I went golfing yesterday and got paired up with three good players who I know slightly. I’m mediocre. It was daunting. And I started out terribly. For the first four holes my play was worse than in a long time. So on top of all my swing thoughts and notes to self about how to play I started analyzing my thought pattern and what else might be impeding my game. I came upon Fear of Shame.
Essentially I was worried that my golf shot would suck and I would be embarrassed. Worried about embarrassment = Fear of Shame.

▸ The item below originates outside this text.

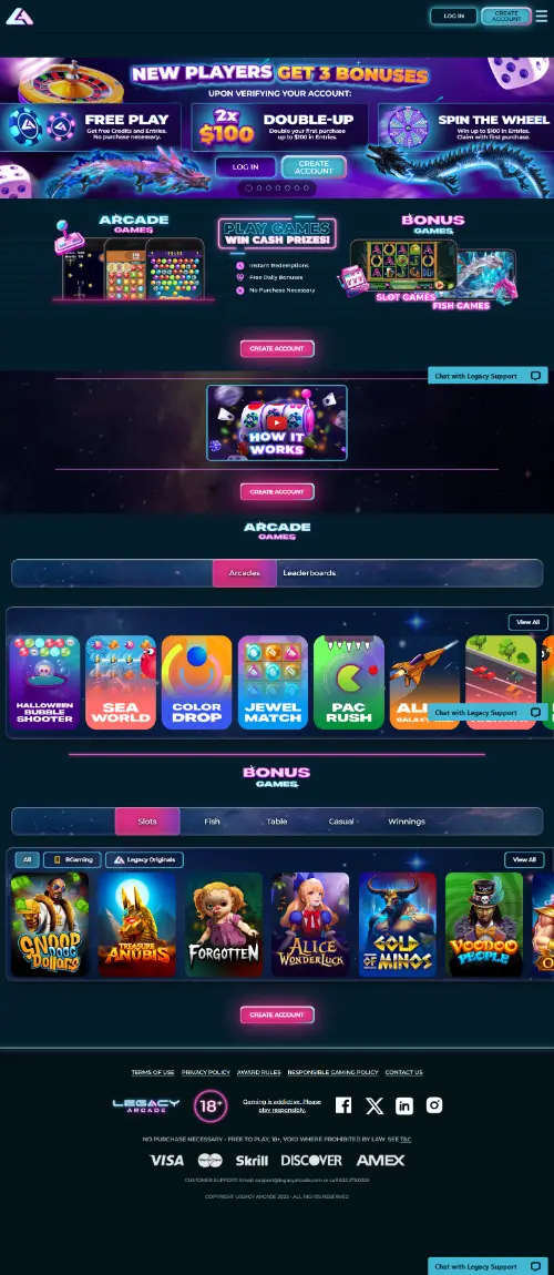 Legacy Arcade earns praise for swift redemptions that often hit the same day and a generous daily 100 Entries freebie after verification. The arcade‑style mix features fish shooters and Plinko with BGaming slots, though the catalog runs smaller than many rivals.

In my business development coaching practice two of the most frequent hurdles I hear about are how to get over the reluctance to contact a centre of influence initially and how to follow up with people who haven’t responded. It seems to me these hurdles exist for the same reasons that my golf sucked yesterday. Fear of Shame.
Generally, people who market themselves for a living fear rejection. Actually anyone who is selling anything fears rejection. I just think it’s a little worse when you’re the product. And what is rejection. It’s embarrassment leading to a feeling of shame. People hate that feeling and their nature is to avoid it. I know people who don’t get back to me would get back to Brad Pitt if he was calling so my shame is a relative thing. I’m not as important as Brad Pitt [or as good looking], so I get less rewarded and feel less well about myself. Shame.
What to do?
Back to my golf game. I hit rock bottom on the third hole. I couldn’t have been playing worse. The fourth hole was no better. But I persevered. Kept going. Kept swinging. And on the fifth hole I hit a good shot which pumped me up. I started playing better and was my mediocre self for the rest of the round. Good enough.
It was easy for me to persevere. All I had to do was stay there and keep swinging. And it’s the same for my clients. I help them work out something they can easily do [I call it a baby step]. The smaller it is the more likely it will get done.